Genome Assembly – Olympia oyster Redundans/Canu vs. Redundans/Racon

Decided to compare the Redundans using Canu as reference and Redundans using Racon as reference. Both reference assemblies were just our PacBio data.

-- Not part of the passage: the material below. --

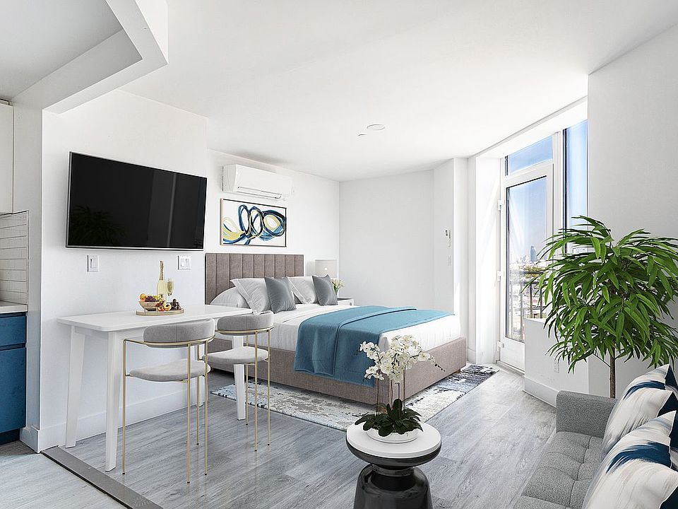 **Email inquiries only. No calls or texts please** This no fee large studio, one bath with a balcony unit boasts space and style. Featuring large open living area and amazing kitchen, a/c, stainless steel appliances, large windows and ample closet space. One of the best city views in the neighborhood! The building includes laundry, bike storage, elevator and a roof deck. Just down the around the corner from the Knickerbocker M train, as well as a short walk to the Dekalb L stop. Close to great local spots like Lazy Suzy's Coffee, Knickerbocker Bagel, Ops Pizza and much more. Parking available for rent. Smoking allowed:No

Jupyter notebook (GitHub): 20171005_docker_oly_redundans.ipynb

Notebook is also embedded at the end of this post.

Results:

It should be noted that the paired reads for each of the BGI mate-pair Illumina data did not assemble, just like last time I used them:

  • 160103_I137_FCH3V5YBBXX_L3_WHOSTibkDCABDLAAPEI-62_2.fq.gz
  • 160103_I137_FCH3V5YBBXX_L3_WHOSTibkDCACDTAAPEI-75_2.fq.gz
  • 160103_I137_FCH3V5YBBXX_L4_WHOSTibkDCABDLAAPEI-62_2.fq.gz
  • 160103_I137_FCH3V5YBBXX_L4_WHOSTibkDCACDTAAPEI-75_2.fq.gz
  • 160103_I137_FCH3V5YBBXX_L5_WHOSTibkDCAADWAAPEI-74_2.fq.gz
  • 160103_I137_FCH3V5YBBXX_L6_WHOSTibkDCAADWAAPEI-74_2.fq.gz

Redundans with Canu is better, suggesting that the Canu assembly is the better of the two PacBio assemblies (which we had already suspected).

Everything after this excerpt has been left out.